My lecturer wrote that a matrix representation of a group $G$ is a group homomorphism $\rho$ from $G$ to the set of invertible square matrices over a field. He proceeded to write that this is equivalent to the following two conditions:
- $\rho(\varepsilon)=I$ (where $\varepsilon$ is the identity in $G$ and $I$ the identity matrix).
- $\rho(gh)=\rho(g)\rho(h)$ for all $g,h\in G$.

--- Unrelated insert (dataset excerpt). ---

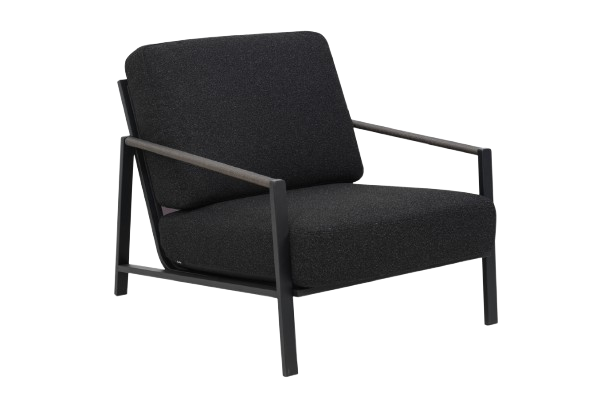 Lyra är en modern och mycket sober serie i en härlig blandning av material. Stomme i svart pulverlackerat rostfritt stål (304) perfekt för att klara av olika väderförhållanden. Vackra detaljer av konsrrotting på armstöden.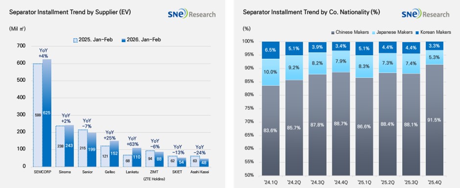 Last year, the global EV battery separator market maintained stable growth following the rise in battery installations; however, entering 2026, the growth rate has shown signs of a slight slowdown. In particular, as the pace of EV demand growth moderates, the increase in separator demand remains at a restricted level.

But am I wrong to say that condition 1 follows directly from condition 2? Because condition 2 tells us that $$ \rho(g)=\rho(\varepsilon g)=\rho(\varepsilon)\rho(g) $$ for any $g\in G$, which implies that $\rho(\varepsilon)$ is the identity matrix. So why include condition 1?
Update: In the comments the doubt above was solved. Now I would like to actually show that $\rho=I$ is equivalent to saying that the homomorphism $\rho$ maps all $g\in G$ to the set of invertible square matrices. My intend:
- If $\rho(\varepsilon)=I$ then $I=\rho(\epsilon)=\rho\left(g g^{-1}\right)=\rho(g) \rho\left(g^{-1}\right)$, which shows that $\rho(g)$ has an inverse given by $\rho(g)^{-1}=\rho(g^{-1}$).
- If we know that $\rho(\varepsilon)$ has an inverse then $$ \rho(\varepsilon)\rho(\varepsilon)=\rho(\varepsilon\varepsilon)=\rho(\varepsilon)=I\rho(\varepsilon)\iff\rho(\varepsilon)\rho(\varepsilon)\rho(\varepsilon)^{-1}=I\rho(\varepsilon)\rho(\varepsilon)^{-1} \iff\rho(\varepsilon)=I. $$ Is there anything wrong with this proof?